- _TASK DESCRIPTION_: Drop all images. Then write out each line below exactly as given.

───── RAW DATA

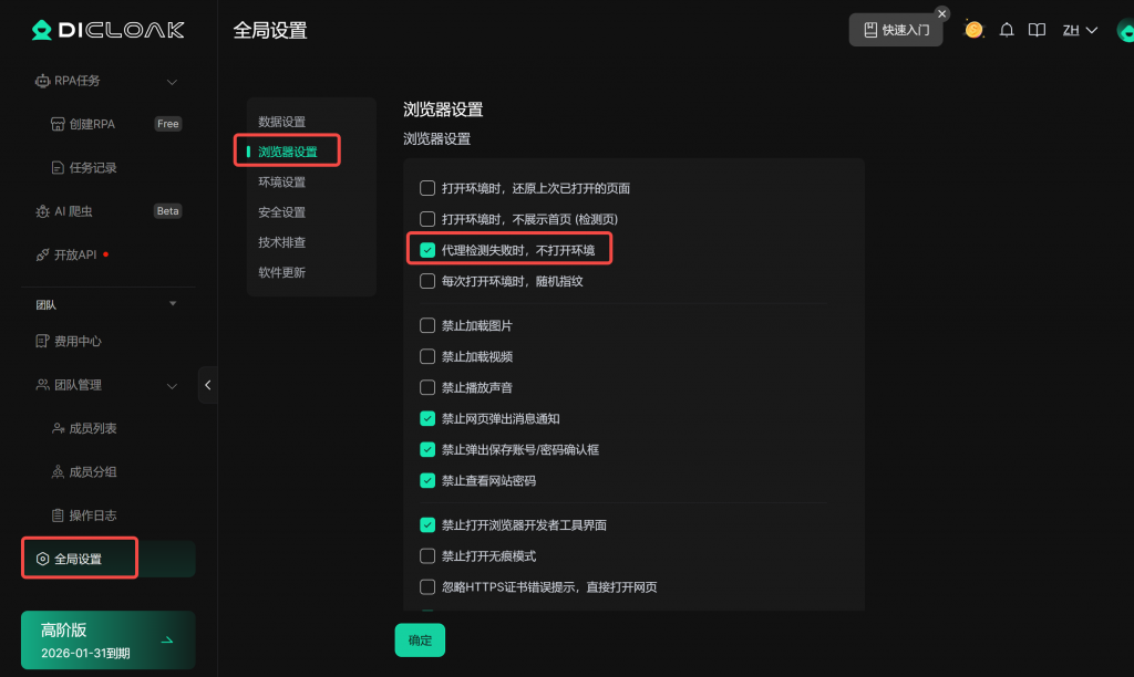 为了保持账号稳定,避免代理IP地址变动给账号带来风险,请您前往【全局设置】,勾选【代理检测失败时,不打开环境】
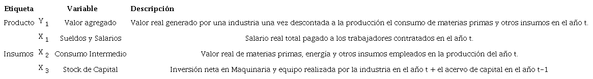 Finalmente, de los 29 subsectores antes descritos se analizarán variables relacionadas con la capacidad de la industria para generar riqueza, así como el nivel de insumos utilizados para producirla, los cuales constituye la principal fuente de Productividad. A continuación, en la Tabla 1 se relacionan las principales variables a utilizar y una breve descripción.
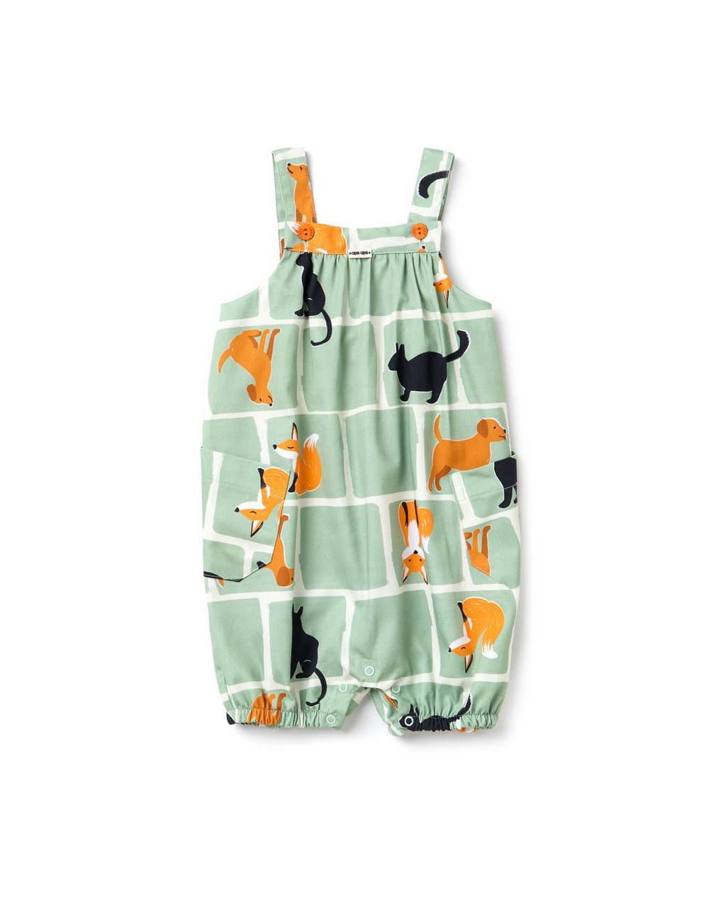Descrição: Macacão com modelagem soltinha que proporciona conforto e liberdade de movimento, perfeito para acompanhar a rotina das pequenas com leveza. Possui bolsos amplos e divertidos que adicionam um toque lúdico à peça, além de elástico suave na barra que garante melhor ajuste ao corpo. O decote quadrado com leve franzido traz delicadeza ao visual, enquanto as alcinhas ajustáveis por botões permitem adaptar o caimento conforme o crescimento. A abertura inferior com fechamento por botões de pressão facilita a troca de fraldas no dia a dia. O grande destaque fica por conta da estampa encantadora, que mistura gatinhos pretos e cachorrinhos caramelos em uma composição alegre, afetiva e cheia de personalidade.

──────────

- _OUTPUT FOR THIS EXERCISE_:
 为了保持账号稳定,避免代理IP地址变动给账号带来风险,请您前往【全局设置】,勾选【代理检测失败时,不打开环境】
 Finalmente, de los 29 subsectores antes descritos se analizarán variables relacionadas con la capacidad de la industria para generar riqueza, así como el nivel de insumos utilizados para producirla, los cuales constituye la principal fuente de Productividad. A continuación, en la Tabla 1 se relacionan las principales variables a utilizar y una breve descripción.
Descrição: Macacão com modelagem soltinha que proporciona conforto e liberdade de movimento, perfeito para acompanhar a rotina das pequenas com leveza. Possui bolsos amplos e divertidos que adicionam um toque lúdico à peça, além de elástico suave na barra que garante melhor ajuste ao corpo. O decote quadrado com leve franzido traz delicadeza ao visual, enquanto as alcinhas ajustáveis por botões permitem adaptar o caimento conforme o crescimento. A abertura inferior com fechamento por botões de pressão facilita a troca de fraldas no dia a dia. O grande destaque fica por conta da estampa encantadora, que mistura gatinhos pretos e cachorrinhos caramelos em uma composição alegre, afetiva e cheia de personalidade.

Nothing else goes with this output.